TITLE: Proxima’s orbit around Alpha Centauri
AUTHORS: P. Kervella and F. Thévenin
FIRST AUTHOR INSTITUTION: Unidad Mixta Internacional Franco-Chilena de Astronomía (CNRS UMI 3386), Departamento de Astronomía, Universidad de
Chile, Camino El Observatorio 1515, Las Condes, Santiago, Chile
STATUS: Submitted to Astronomy & Astrophysics
I’m sure you’ve heard of Proxima Centauri recently. It’s the closest star to us. As of August this year, it’s also the host star of the closest known exoplanet — in all likelihood the closest exoplanet we will ever find.
Perhaps you also know Alpha Centauri, a two-star system which comprises Alpha Centauri A and Alpha Centauri B, the second- and third-closest stars to us. Since Proxima Centauri was discovered over 100 years ago, it has been suggested that all three stars are part of the same system — that they are “gravitationally bound” and orbit each other on a timescale of thousands, possibly millions, of years. The strongest argument for this has been the stars’ close proximity to each other, combined with their similar speed across the sky (“proper motion”) — such similarity is unlikely to be a coincidence. However, until now it has never been proven by considering the orbital mechanics. Today’s authors set out to do just that.
The historic difficulty in answering this question has been the lack of precision in measuring Proxima’s radial velocity (the speed with which it moves towards or away from us). This can be found from a spectrum of the star by measuring its Doppler shift, but Proxima’s faintness has until now made that difficult. With modern spectrographs designed for the exoplanet era, we can get the precise measure of Proxima’s velocity that we need.
The team used recently measured radial velocities for Proxima and Alpha Centauri of –22,345 m/s and –22,393 m/s respectively, each precise to around 3–4 m/s. The negative radial velocities just mean that the stars are moving towards us. When using velocities of this precision, however, there are a few systematic offsets that we need to take into account.

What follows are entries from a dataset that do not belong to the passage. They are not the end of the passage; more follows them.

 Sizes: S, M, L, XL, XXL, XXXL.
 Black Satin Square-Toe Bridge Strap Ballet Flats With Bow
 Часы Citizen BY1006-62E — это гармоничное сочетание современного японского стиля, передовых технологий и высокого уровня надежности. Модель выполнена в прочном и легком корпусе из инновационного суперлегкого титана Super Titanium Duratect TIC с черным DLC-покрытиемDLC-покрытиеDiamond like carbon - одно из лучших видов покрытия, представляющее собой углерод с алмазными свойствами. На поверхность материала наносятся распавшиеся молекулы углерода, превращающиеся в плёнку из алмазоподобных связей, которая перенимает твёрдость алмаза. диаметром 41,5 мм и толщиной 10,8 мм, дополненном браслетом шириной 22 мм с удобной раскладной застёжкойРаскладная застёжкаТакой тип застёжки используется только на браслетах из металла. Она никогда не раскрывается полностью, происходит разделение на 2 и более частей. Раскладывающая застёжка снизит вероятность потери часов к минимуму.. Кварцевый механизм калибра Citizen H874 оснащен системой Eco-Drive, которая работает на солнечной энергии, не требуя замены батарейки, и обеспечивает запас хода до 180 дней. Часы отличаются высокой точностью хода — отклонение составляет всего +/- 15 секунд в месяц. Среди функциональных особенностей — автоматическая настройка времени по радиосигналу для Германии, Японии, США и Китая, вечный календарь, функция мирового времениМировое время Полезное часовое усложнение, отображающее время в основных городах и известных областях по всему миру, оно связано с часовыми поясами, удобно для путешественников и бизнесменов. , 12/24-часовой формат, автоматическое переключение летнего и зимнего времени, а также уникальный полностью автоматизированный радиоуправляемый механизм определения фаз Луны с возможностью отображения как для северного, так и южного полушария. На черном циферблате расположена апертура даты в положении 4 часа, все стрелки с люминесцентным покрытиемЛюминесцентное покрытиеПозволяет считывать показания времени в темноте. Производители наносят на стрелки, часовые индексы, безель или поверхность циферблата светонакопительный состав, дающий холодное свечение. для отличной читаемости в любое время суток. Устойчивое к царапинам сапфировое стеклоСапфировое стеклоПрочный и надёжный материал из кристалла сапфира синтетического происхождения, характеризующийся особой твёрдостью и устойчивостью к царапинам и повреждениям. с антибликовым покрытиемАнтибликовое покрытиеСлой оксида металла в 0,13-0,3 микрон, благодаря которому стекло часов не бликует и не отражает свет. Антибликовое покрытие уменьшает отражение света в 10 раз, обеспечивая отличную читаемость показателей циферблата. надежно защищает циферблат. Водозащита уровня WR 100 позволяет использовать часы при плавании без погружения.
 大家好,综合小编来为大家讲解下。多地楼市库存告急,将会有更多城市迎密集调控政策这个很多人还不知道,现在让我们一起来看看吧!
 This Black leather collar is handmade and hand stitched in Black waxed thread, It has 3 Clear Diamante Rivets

The surface of a star is not stationary. Look closely at any star and you’ll see little “convective cells”: patches where hot material rises in the centre, cools, and falls at the edges. (You can see the same effect in a pan of boiling water.) Amazingly, this is enough to change our measurements of the star’s velocity. More of the surface area of these cells is taken up by the rising material than the falling material, and the rising material is hotter and therefore brighter. The two combine to make it look as though the star is moving towards us slightly faster than it actually is — in our sun it changes our velocity measurements by 322 m/s, which is definitely measurable, so we need to take this into account.
The size of these convective cells depend on the star’s temperature and on the strength of its gravity at its surface. Fortunately, the convective cells are well known for Alpha Centauri A and can be derived from orbital dynamics for Alpha Centauri B, while the effect can be neglected for Proxima due to its low temperature.

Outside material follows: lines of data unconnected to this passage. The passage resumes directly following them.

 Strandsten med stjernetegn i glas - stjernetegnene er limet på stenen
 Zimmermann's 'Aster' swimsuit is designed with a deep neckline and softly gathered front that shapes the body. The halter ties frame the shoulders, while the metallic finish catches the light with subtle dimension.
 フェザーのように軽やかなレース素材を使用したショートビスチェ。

As a photon leaves the gravity well of its star, the star’s gravity stretches its wavelength out and makes it appear redder. The effect depends on the mass and radius of the star. For Alpha Centauri A and B we know these, and so we can calculate the redshift directly. To give an example of the scale, Alpha Centauri A has a gravitational redshift of 575 m/s.

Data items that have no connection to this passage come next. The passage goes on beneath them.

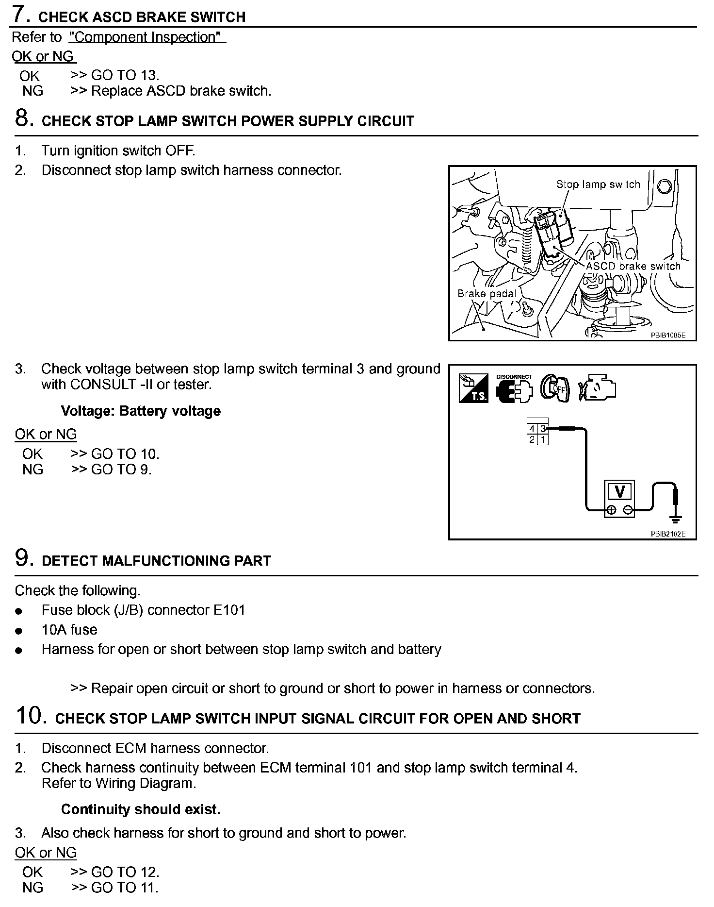 Diagnostic Procedure (A/T Models) (Steps 7 - 10):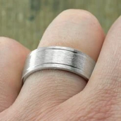 8mm 14K White Gold Mens Double Channel Wedding Ring, Matte Finish
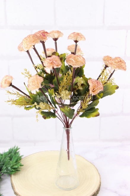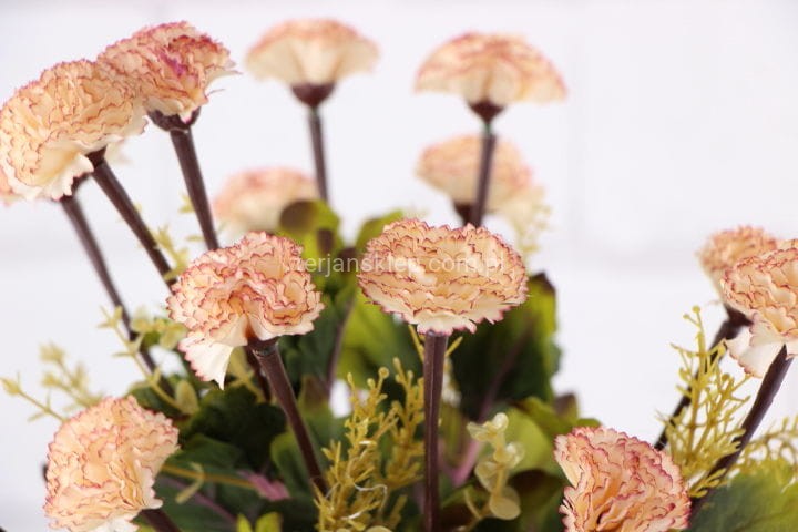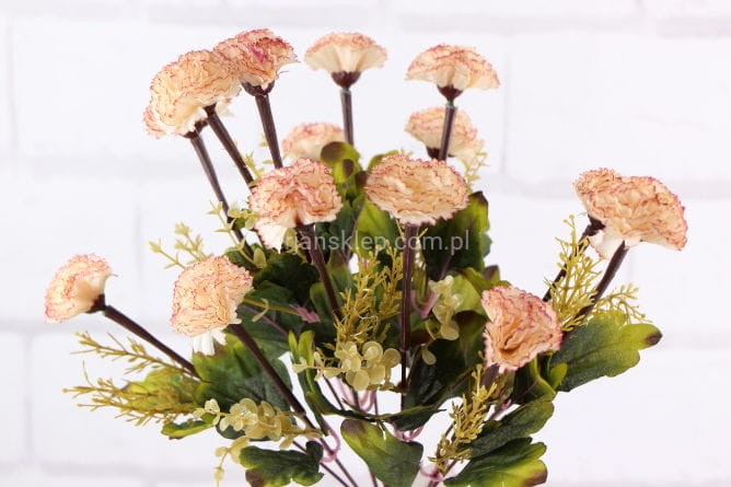 Piękny bukiet goździków. Bardzo ładne kolory i jakość wykonania. Jesienne, lekko przydymione liście. Bukiet składa się z 14 gałązek, max. wysokość 42 cm. Orientacyjna średnica kwiatka to 5 cm. Cena dotyczy 1 sztuki bukietu.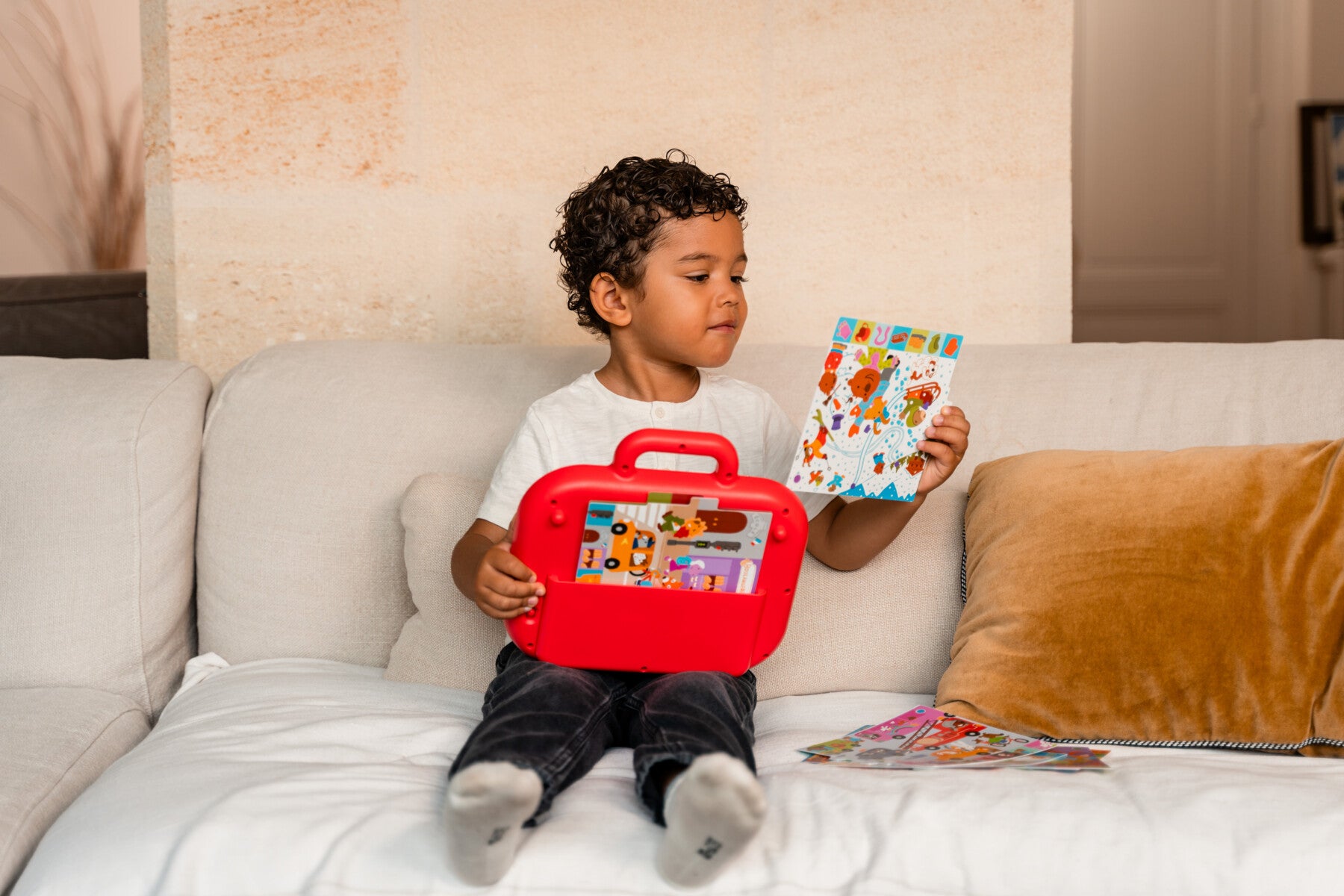 TRÈS PRATIQUE & COMPLET, grâce à son format tablette très apprécié des enfants pour faire "comme les grands" et un emplacement spécial au dos pour ranger les planches. Doté de 2 niveaux sonores et d'un arrêt automatique

For Proxima this is slightly trickier as its mass has not been directly measured. Instead, the team estimate Proxima’s mass based on its brightness by comparing it to a sample of similar stars. They find a redshift of 504 m/s to a precision of 17 m/s. This is much less precise than the measurement of the uncorrected velocity, making this the limiting factor in the team’s velocity measurements.
Dynamics: Is Proxima Bound To Alpha Centauri?
If the two systems are bound, their velocities relative to one another must be less than a certain limit, effectively given by the point at which the kinetic energy of the system is more than the gravitational energy. In the case of Alpha and Proxima Centauri, that limiting speed is 545 m/s. The team calculate that Alpha and Proxima Centauri are moving apart at a rate of 293 m/s. In other words, the three stars are well and truly bound together.
The team finished by calculating the orbital dynamics of the system. They predict that Proxima will orbit Alpha Centauri on a period of 600,000 years, at a distance ranging from 5,300 to 12,900 times the distance between the Earth and the Sun.
So now that we know for sure that the stars are bound, what does that tell us? For people who are modelling formation of Proxima’s planet, it may be interesting to look at how the orbital motion of Proxima may have affected the planet. For those who are studying the stars themselves, it tells us that the stars probably evolved from the same source material, which would make them the same age and give them the same amount of metals. As the system is at the extremely weak edge of gravitationally bounded systems, it could be of interest for scientists studying models of gravity other than the standard model. Most of all, though, it is the most definitive answer yet to a question that has been hanging around for over 100 years.